> [Collected material]:
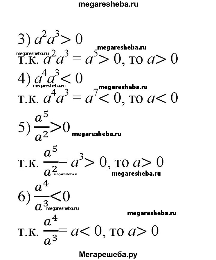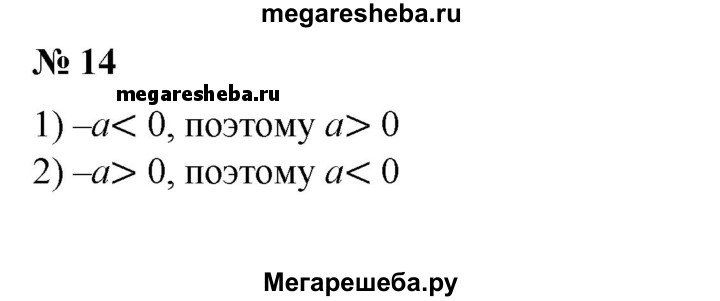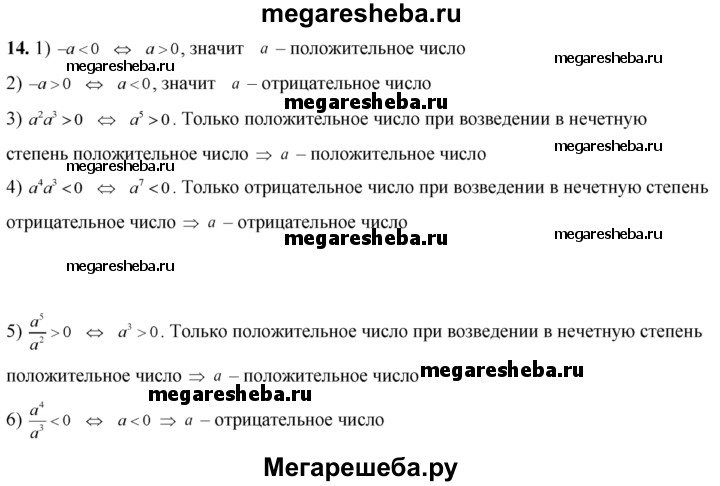 14. Выяснить, положительно или отрицательно число а, если: 1) -а < 0; 2) -а > 0; 3) а^2а^3>0; 4) а^4а^3< 0; 5)a^5/a^2 > 0; 6) a^4/a^3 < 0.
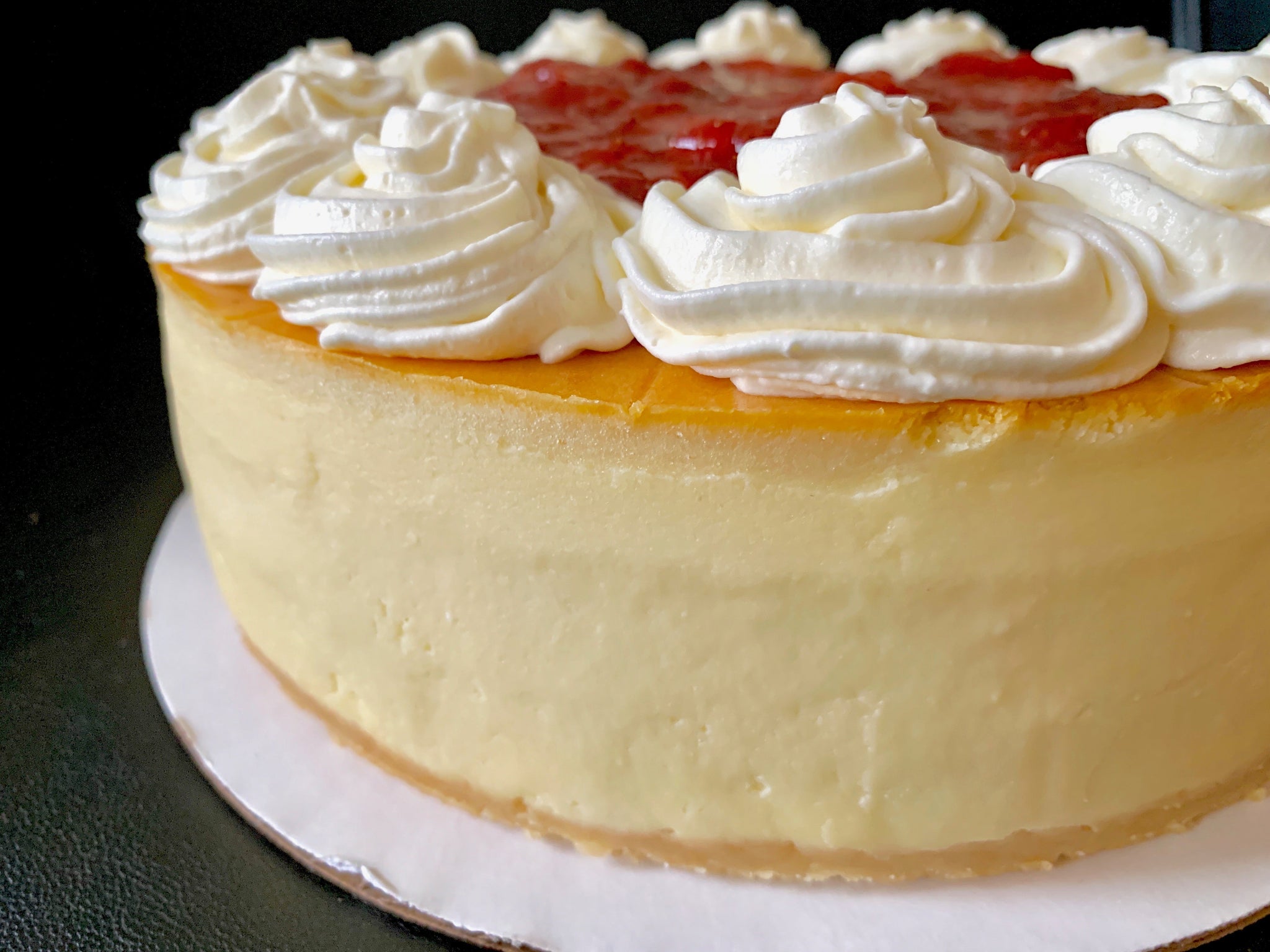Codetta Classic cheesecake topped with handmade strawberry compote and fresh whipped cream.
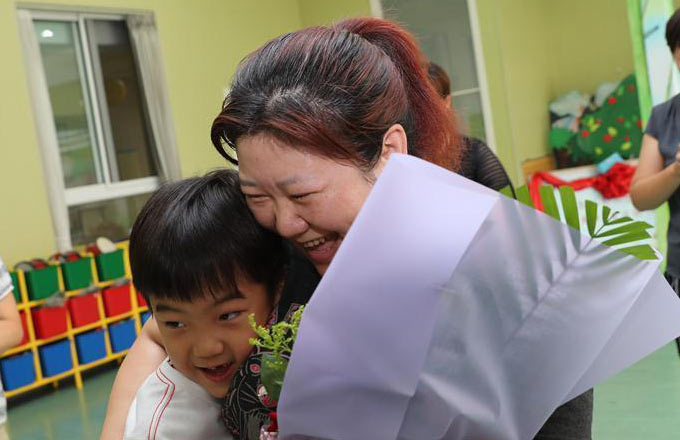 A kid who graduated from Hongshan Kindergarten goes back to the kindergarten to visit his teacher in Beijing, capital of China, Sept. 8, 2017. The Teachers' Day is celebrated in China on Sept. 10 every year. [Photo/Xinhua]
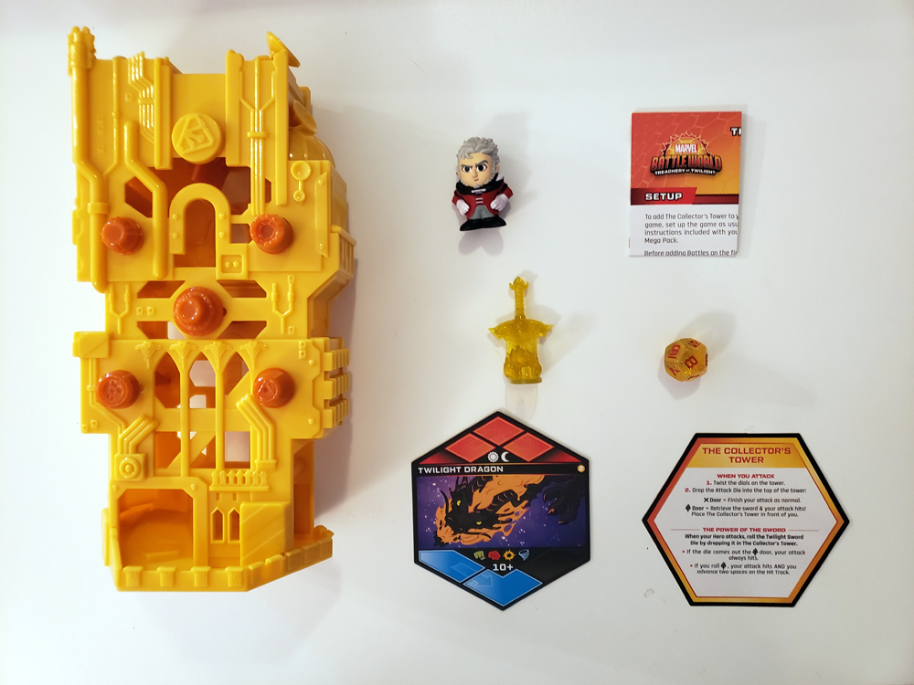 My seven-year-old liked this expansion set the best. The cards and figures are similar to what I have described before, but the Twilight Sword Die is extra shiny and cool, and the Stand with the Twilight Sword snaps nicely onto a Hero Mover and looks so cool to my kids clearly coveted it. The Collector’s Tower is effectively a tall plastic dice tower that has a series of knobs that can impact the dice roll. Areas of the tower are clearly marked and adding them to the game was a lot of fun. Like the Talon Fighter, it’s a pretty nicely done set.

> [Work to be completed]: Each line of the data must be transcribed exactly; pictures are not carried over.

> [Result of this exercise]:
 14. Выяснить, положительно или отрицательно число а, если: 1) -а < 0; 2) -а > 0; 3) а^2а^3>0; 4) а^4а^3< 0; 5)a^5/a^2 > 0; 6) a^4/a^3 < 0.
Codetta Classic cheesecake topped with handmade strawberry compote and fresh whipped cream.
 A kid who graduated from Hongshan Kindergarten goes back to the kindergarten to visit his teacher in Beijing, capital of China, Sept. 8, 2017. The Teachers' Day is celebrated in China on Sept. 10 every year. [Photo/Xinhua]
 My seven-year-old liked this expansion set the best. The cards and figures are similar to what I have described before, but the Twilight Sword Die is extra shiny and cool, and the Stand with the Twilight Sword snaps nicely onto a Hero Mover and looks so cool to my kids clearly coveted it. The Collector’s Tower is effectively a tall plastic dice tower that has a series of knobs that can impact the dice roll. Areas of the tower are clearly marked and adding them to the game was a lot of fun. Like the Talon Fighter, it’s a pretty nicely done set.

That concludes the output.